While one can applaud the desire to conduct readiness drills for the purposes of education and training on terror threats and response, DD has no idea why anyone would believe an exercise that outwardly looks so terrible would be particularly valuable in training -- other than for the determination that phones work and that people can follow orders.

But in "Emergency Workers Stage Casualty Drill," a reporter for the Record writes, "Monroe County's first-ever Mass Casualty Drill, dubbed 'Monroe Vigilance,' was staged . . . including police, fire, EMS, and coroner operations, along with Monroe County's Dispatch Center and Pocono Medical Center . . . Under the watchful eye of Cocciardi and Associates, a group that plans and administers exercises such as these, scenarios were set up and acted from start to finish."

In this case, domestic miscreants, angered over the destruction of their methamphetamine operation by the feds, retaliate by attacking a local school, hence the "camouflaged" sniper ("camouflaged" here meaning "something that sticks out, like a giant gopher") from a SWAT team. Citizens are apparently doused with -- guess what -- ricin.

"Students from Keystone College were the victims; some were 'killed' in the chemical attack," wrote the newspaper. "Jay Selwood, 20, a freshman, said their role in the exercise was part of the first-year seminar that helps freshmen adjust to campus life."

"It was an easy 'A' . . . And we don't have to get wet like in some other drills." The student said his character "smelled funny" because of the chemical attack.

Ricin, a toxic plant protein found in small amounts in castor seeds, has never been used in a mass chemical attack.
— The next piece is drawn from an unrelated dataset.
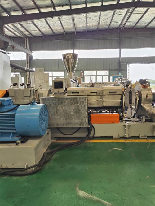 不需要接外循環(huán)水冷卻,不用徘外水;PVC造粒機_PVC電纜料造粒機_佳德采用閉環(huán)循環(huán)系統(tǒng),不用擔心長時間使用水冷卻會產生水垢把冷卻器堵住,導致齒輪箱損壞4.雙階主機水箱冷卻系統(tǒng)采用:采用環(huán)保冷卻系統(tǒng)(環(huán)保型:發(fā)明專利號:CN201911312134.6)不需要接外循環(huán)水冷卻,不用徘外水;采用閉環(huán)循環(huán)系統(tǒng)5.節(jié)能:普通筒體筒體冷卻;例如:第5區(qū)溫度超高;這是電子閥導通;第5區(qū)冷卻回水就會影響第六區(qū)和第四區(qū)的溫度下降;就會導致第四六區(qū)加溫;這種情況會一直循環(huán)出現(xiàn);導致電費浪費;我們現(xiàn)在采用環(huán)保型就徹底解決這個問題;加我們委托第三方開發(fā)溫控模塊,溫控加熱系統(tǒng)比同類設備節(jié)能:10-20%電費,就是每噸能為客戶節(jié)省電費10元,每年大概能節(jié)約電費3萬6.雙螺桿齒輪箱采用高扭:D型齒輪箱換網器通水冷卻8.減少成本:水池尺寸:2米*3米*2.5米冷卻水池;60立方冷卻水塔及4KW高壓水泵2臺及管道,6天水管施工:大概能節(jié)約成本:12萬二. 技術配置(一)雙螺桿主喂料系統(tǒng) 1) 雙螺桿主喂料機:功率:1.5kw三晶,變頻調速器;料斗不銹鋼料斗(二)PVC造粒機_PVC電纜料造粒機_佳德JDL-75D雙螺桿擠出機1、高扭D型減速箱,減速及扭矩分配部分合為一體,結構緊湊;輸出軸轉速:500rpm;輸入軸轉速:1480rpm;滾針軸承選擇日本“IKO”,軸承減速扭矩分配系統(tǒng)的徑向軸承均為日本NSK軸承;齒輪采用優(yōu)質合金材料,精度按ISO1328-1995圓柱齒輪精度制造,齒輪全部采用滲碳淬火硬齒面。采用專用磨齒軟件對齒輪進行齒廓修整,保證齒輪強度,齒向載荷均勻,強度高,噪音低,振動低;潤滑油型號為:150#中負荷齒輪油(油品需客戶自購)2)減速箱冷卻系統(tǒng);油泵功率:1.1kw;采用環(huán)保風冷卻系統(tǒng)(環(huán)保型:公司發(fā)明專利號:CN201911312134.6)不需要接外循環(huán)水冷卻3、主機1)交流電機;功率:110kw;“蒙特”電機,三晶或羅賓漢變頻調速器,4、螺桿1)直徑:φ71mm;長徑比:36:1;螺桿為積木式結構;分為輸送螺塊、混煉螺塊、捏合螺塊以及反旋螺塊;螺桿組件串聯(lián)式排列組合;2)芯軸:采用高韌性、高抗彎、高強度的優(yōu)質合金鋼40CrNiMoA,調質硬度HB300-350;螺紋元件與芯軸為漸開線聯(lián)接;強度高,承載負荷大,拆裝組合方便;3)
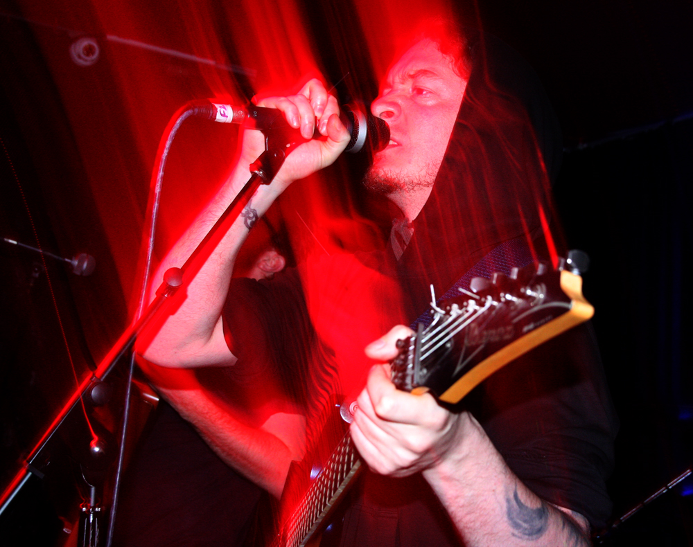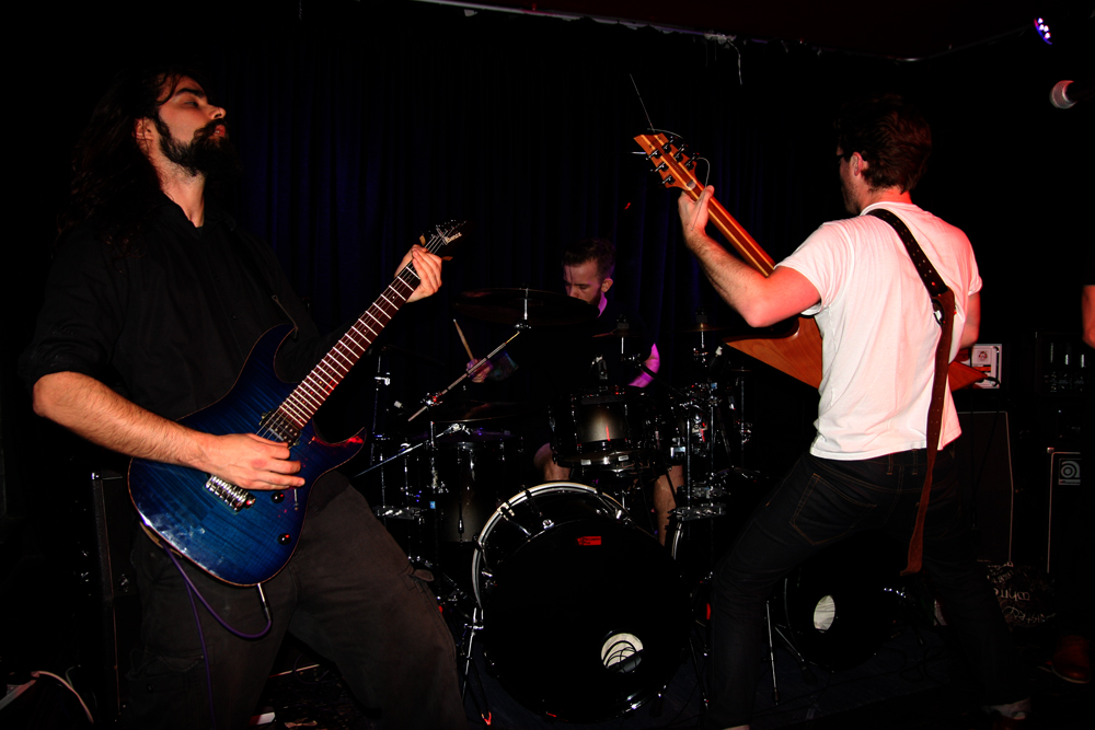 In a similar fashion are Chapters who again it’s my first encounter with. I have to feel sorry for anyone walking in here tonight who had not heard any of the bands before, they must have been damn bamboozled. This London based progressive metal bunch are apparently playing the whole of their album ‘The Imperial Skies’ here tonight and threaten that it will be the last time they are doing so. Makes for an easy for a track list if you want one. It’s a quite boisterous affair and they throw riffs around like a baby who has dumped a load in their nappy and takes it off flinging the contents all over the walls. I pretty much put that analogy down to the smell of the venue which was very sewage ridden and could be about to turn its name into The Black Fart! Just as I thought it was making some sort of sense they suddenly went into some Spanish sounding almost classic guitar work which was technically faultless and left my jaw somewhat hitting the floor as it was totally unexpected, turning things completely topsy-turvy. Still not done with this particular number they brutally set about battering us senseless and firing out a flurry of obtuse riffs and guttural throat shredding vocals. The band seem pretty popular and bodies are packed in watching them. There’s a bit of a post hardcore feel from things and also death and doom with plenty of genre mish-mash crossover making the band impossible to really pigeonhole. Although at times Mastodon strike as a bit of a similarity there is plenty more to Chapters and they continue to keep on turning the page with atmosphere and brutality combining really well. I guess that’s pretty much the theme of the evening as it’s a very diverse meeting of minds going on here. ‘The Eclectic Circle’ chills things out a bit with sampled clean vocals and strings adding depth although naturally it would have been better seeing these parts replicated live. Another very interesting first encounter.

And chemical and biological warfare experts -- the ones who are good and actually know some science on the matter -- usually will tell you it's only application is as a weapon of assassination.

It was used in the 1978 slaying of dissident Georgi Markov in London and has been involved in domestic incidents in which Americans have either tried to poison a family member or have plotted the same.

And American crazies from the neo-Nazi right are regularly arrested with castor seeds and castor powder in their possession. But none have ever staged an attack or shown a slight capability to cause mass death with the poison. Indeed, there is simply not enough of it in the castor seed to make it practical or easy to use in such a way.

In any case, ricin does not kill immediately, which is the situation described in the Monroe County anti-terror readiness exercise. And it wouldn't cause someone to smell funny, unless -- of course -- they'd failed to wash or been hosed down with something else as part of a decontamination exercise.

Cocciardi and Associates, the agency which planned the drill, looks to be an industrial safety training firm that moved into homeland security preparedness in the wake of 9/11. It trains municipalities in eastern Pennsylvania. Good luck with that, folks.

"The public [was] banned from watching the exercise 'due to the classified nature of some of the actions that will occur," said an official from Northeastern Pennsylvania's Emergency Response Group to the Record, in a story that preceded the dog-and-pony show. But "News media will be escorted into the simulated hazardous areas to cover the event."

DD and readers understand why this would have to be the case. You wouldn't want to destroy the confidence of the citizenry, now, by allowing them to see the threadbare quality of the circus. Or the man on the lawn in the shaggy suit. Definitely classified stuff, except for the students and the newspaper.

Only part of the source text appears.